### Aim of the task
Wherever the line with "Los Reyes Magos" sits in the listing below, transcribe from it up to and including the line with "- 【63 PCS Stationery", exactly, and leave the remaining lines out.

[Provided information]

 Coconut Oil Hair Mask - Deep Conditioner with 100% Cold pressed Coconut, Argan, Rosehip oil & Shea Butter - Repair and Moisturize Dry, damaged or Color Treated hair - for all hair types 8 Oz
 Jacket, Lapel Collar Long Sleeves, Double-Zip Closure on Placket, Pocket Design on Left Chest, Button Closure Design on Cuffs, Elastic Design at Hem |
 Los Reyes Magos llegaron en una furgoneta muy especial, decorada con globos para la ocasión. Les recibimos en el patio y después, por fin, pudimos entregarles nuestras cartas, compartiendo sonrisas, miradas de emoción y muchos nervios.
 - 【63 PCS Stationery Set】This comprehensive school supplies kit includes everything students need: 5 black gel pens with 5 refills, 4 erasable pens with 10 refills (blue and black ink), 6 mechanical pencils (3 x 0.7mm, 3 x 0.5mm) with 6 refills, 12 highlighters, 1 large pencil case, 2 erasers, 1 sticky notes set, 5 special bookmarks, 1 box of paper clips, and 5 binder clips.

[/Provided information]
[Provided information]

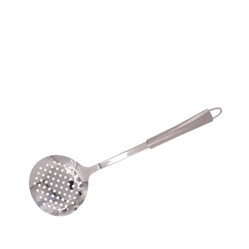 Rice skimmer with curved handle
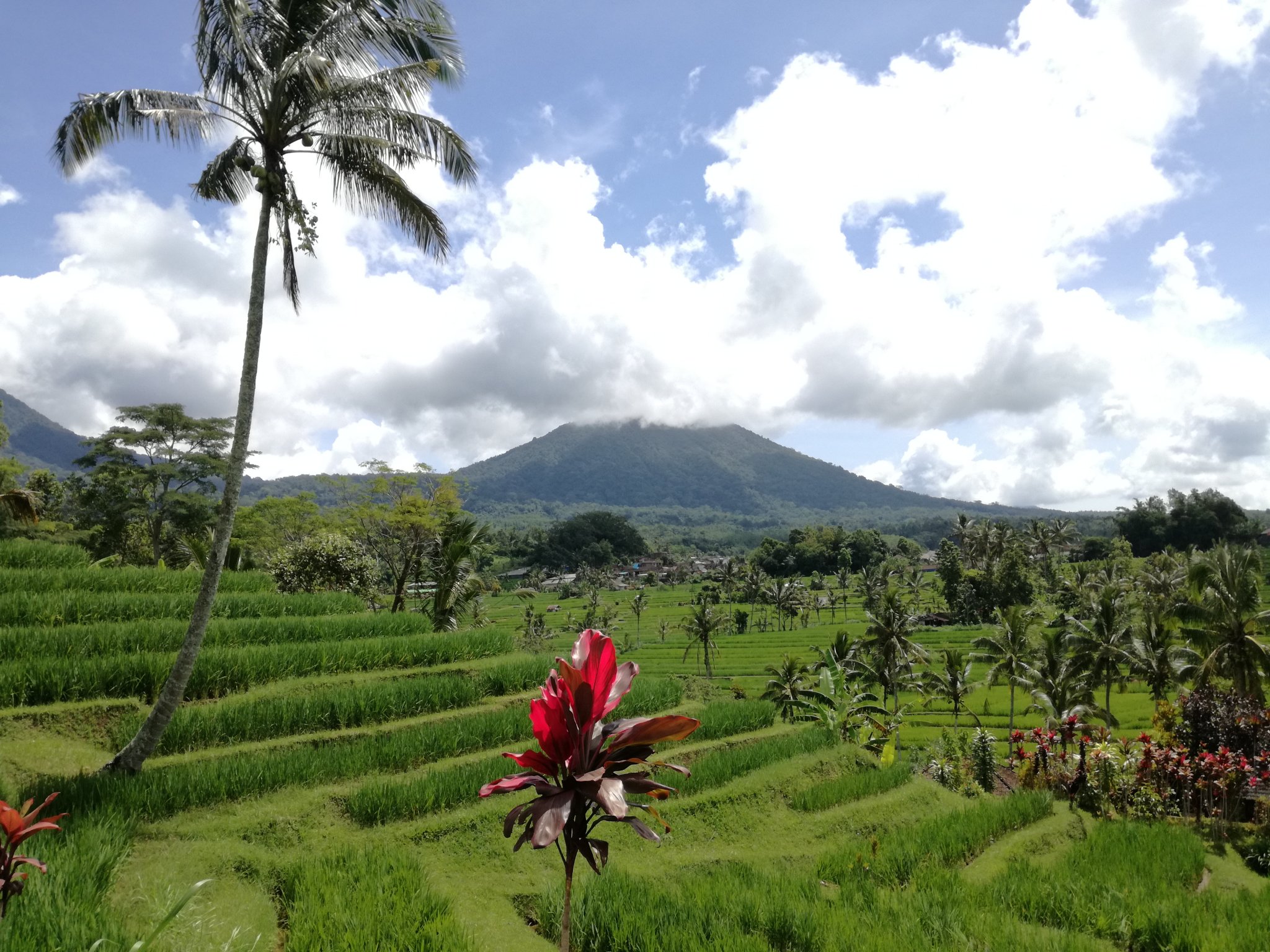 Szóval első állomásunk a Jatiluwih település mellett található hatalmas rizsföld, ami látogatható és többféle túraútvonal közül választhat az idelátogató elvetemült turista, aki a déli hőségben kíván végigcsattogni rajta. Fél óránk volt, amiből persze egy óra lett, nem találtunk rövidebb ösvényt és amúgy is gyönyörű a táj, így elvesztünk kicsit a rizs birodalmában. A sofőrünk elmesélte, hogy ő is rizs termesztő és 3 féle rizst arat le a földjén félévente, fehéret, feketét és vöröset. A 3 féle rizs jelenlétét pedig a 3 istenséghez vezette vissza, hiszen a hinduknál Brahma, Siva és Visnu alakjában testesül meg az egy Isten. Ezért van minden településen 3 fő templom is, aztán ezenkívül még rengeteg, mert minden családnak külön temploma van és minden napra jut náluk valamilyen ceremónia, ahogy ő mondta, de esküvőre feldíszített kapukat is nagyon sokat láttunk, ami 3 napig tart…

[/Provided information]

### Reply to the exercise
 Los Reyes Magos llegaron en una furgoneta muy especial, decorada con globos para la ocasión. Les recibimos en el patio y después, por fin, pudimos entregarles nuestras cartas, compartiendo sonrisas, miradas de emoción y muchos nervios.
 - 【63 PCS Stationery Set】This comprehensive school supplies kit includes everything students need: 5 black gel pens with 5 refills, 4 erasable pens with 10 refills (blue and black ink), 6 mechanical pencils (3 x 0.7mm, 3 x 0.5mm) with 6 refills, 12 highlighters, 1 large pencil case, 2 erasers, 1 sticky notes set, 5 special bookmarks, 1 box of paper clips, and 5 binder clips.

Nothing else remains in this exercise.